The Visual and New Media Review section of the Cultural Anthropology website is pleased to announce a new series, Creative Criticism, which will give space to and make room for the praxis of reviewing new and audiovisual media. In this series, contributors will seek to capture how moving images, stills, and other art works strike their senses and thought processes, while also working through and reflecting on the techniques and rituals of reviewing from an anthropological perspective. Hannah Paveck’s review of the 2016 Sheffield Doc/Fest is the first post in this new series; stay tuned for more.

The U.K. premiere of In Pursuit of Silence (2016) opened with an invocation to listen. Sheffield composer Stephen Chase arrived on stage, guitar in hand. After tuning the guitar, he fell silent, moving only to turn over the sheet music. The silence amplified the ambient sounds of the cinema. Without words or music to guide or orient, we listened as the hum of the projector intermingled with the sound of the audience, breathing audibly and shifting uncomfortably in our seats. As film sound theorist Michel Chion (2009, 151) describes, “Any silence makes us feel exposed, as if we were laying bare our own listening, but also as if we were in the presence of a giant ear, tuned to our own slightest noises.” In the face of silence, we listen to ourselves listen. As the force of this listening intensified, a member of the audience interrupted the scene: “What about the film?”

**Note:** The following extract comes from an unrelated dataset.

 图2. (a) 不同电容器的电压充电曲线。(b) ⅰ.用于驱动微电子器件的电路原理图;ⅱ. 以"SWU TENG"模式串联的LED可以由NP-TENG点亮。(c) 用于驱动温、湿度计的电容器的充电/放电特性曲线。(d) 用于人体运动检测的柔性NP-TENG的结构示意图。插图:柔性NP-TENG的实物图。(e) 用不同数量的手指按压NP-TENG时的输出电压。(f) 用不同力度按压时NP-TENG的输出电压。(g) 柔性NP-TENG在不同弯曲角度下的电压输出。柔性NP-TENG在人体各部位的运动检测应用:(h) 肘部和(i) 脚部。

In staging the experience of listening to silence, Chase’s performance of John Cage’s experimental composition 4’33” (1952) signaled and framed our engagement with Patrick Shen’s documentary feature. Premiering at Sheffield Doc/Fest, an internationally renowned U.K. documentary festival now in its twenty-third year, In Pursuit of Silence concerns the devaluation of silence in contemporary culture. From vows of silence to rituals of meditation, anechoic chambers to noise pollution, the film translates its eponymous quest for silence into a cinematic journey between diverse settings and soundscapes. While a thematic as opposed to formal concern in In Pursuit of Silence, a consideration of sound and listening within documentary cinema was a thread resonating through this year’s film program. This essay examines how a selection of these films, which were screened at the Sheffield Doc/Fest in June 2016, foreground the constitutive role of sound. From A. J. Schnack’s short documentary Speaking is Difficult (2015) to the winner of the Storytelling and Innovation Award, Notes on Blindness (2016), “sound is conceived not as an adjunct or accompaniment to image, but as a complex, often intense auditory surround within which the imagery unfolds” (MacDonald 2013, 315). Eschewing traditional modes of voice-over narration, dialogue, and on-location sound, these films draw on formal experimentation and recent sensory approaches in nonfiction filmmaking to challenge the conventions of documentary sound.

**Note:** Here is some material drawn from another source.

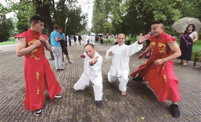昨天,记者在一家市属公园里看到,50多位洋客人跟一位功夫达人学习少林拳,他们表情认真,动作滑稽可爱,和谐的一幕引得路人纷纷驻足观看。据北京“欣欣翼翔”公司的向导介绍,这是一家国外公司组织的企业优秀员工旅游团,未来几天,他们还将游故宫、逛颐和园、爬长城,深度触摸中国文化。
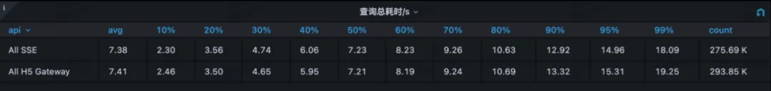 关于SSE原生流解析 与 fes流解析是不同语言实现的这一点,我们也思考了语言差异对性能的影响,所以对响应数据的解析耗时做了实验,在相同机器和网络环境下,对比了原生 SSE 和 fes 处理数据流的耗时,实验结论是两者在耗时上没有明显差异(毫秒级)。从后续在机票列表页大规模应用后的监控数据上看也印证了这一点。

The Politics of Listening in Speaking is Difficult (2015)

A commitment to sound and aural modes of perception underlies A. J. Schnack’s Speaking is Difficult. The short documentary film is Schnack’s first for Field of Vision, a film-based visual journalism platform he cofounded in 2015. Instigated by that year’s shooting in Roseburg, Oregon, Speaking is Difficult presents a close examination of the recent pattern of mass shootings in the United States. Assembled from the footage of twenty cinematographers, the film depicts the locations of previous shootings across the country, from San Bernardino, California, to Tucson, Arizona. In each location, audio recordings of police and 911 calls overlay a series of static shots of urban landscapes. Through its formal repetition and layered temporalities, Speaking is Difficult underscores the violence that connects these disparate events and landscapes. As the film unfolds backwards in time, from 2015 to 2011, the disjunction between sound (recorded at the time of the shooting) and image (shot in 2015) becomes all the more palpable.

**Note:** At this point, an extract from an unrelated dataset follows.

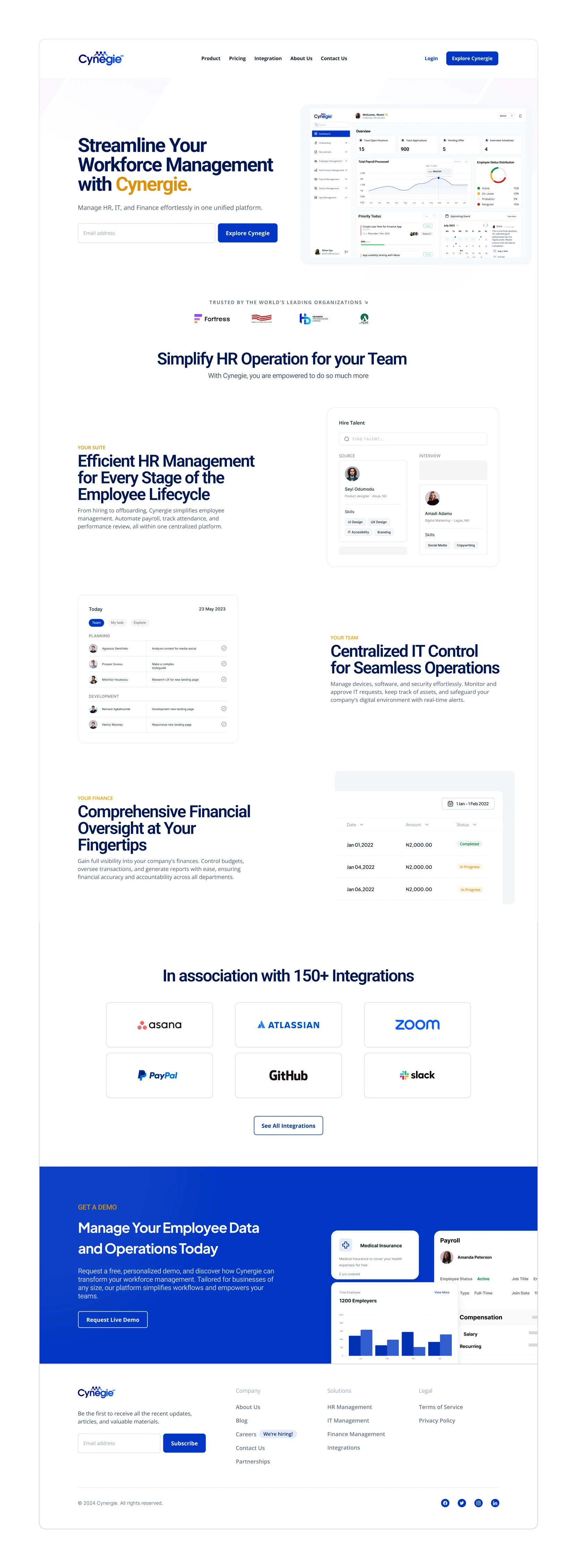 The final website presents CynegieHR as a clear, credible, and enterprise-ready SaaS platform, making it easier for visitors to understand the product’s value across HR, IT, and finance use cases. By structuring content around user intent and prioritising clarity over visual noise, the site supports faster comprehension, builds trust with decision-makers, and guides users toward requesting a demo with confidence.

The film’s rhythmic editing and disjunctive sound/image relations direct the spectator’s perceptual focus toward listening. The highly structured soundtrack, composed of panicked voices of 911 callers, police radio, and emergency commands from dispatch centers, guides the rhythm and sequence of images. While the images remain largely uniform, the intensity of the audio recordings builds across the film, inviting a heightened aural engagement. Speaking is Difficult harnesses the indexical quality of these recordings to flesh out the affective and experiential texture of each mass shooting. Capturing the sound of voices, sirens, and movement in close-up and in real time, the recordings give the spectator an embodied sense of proximity to the tragedies as they unfold. In the context of contemporary debates around bearing witness through visual media, the deliberate downplaying of the image in favor of a focus on sound seems salient. By harnessing sound’s affective power, Schnack’s Speaking is Difficult not only exposes the frequency and relentless repetition of mass shootings in the United States, but foregrounds the urgency of political intervention.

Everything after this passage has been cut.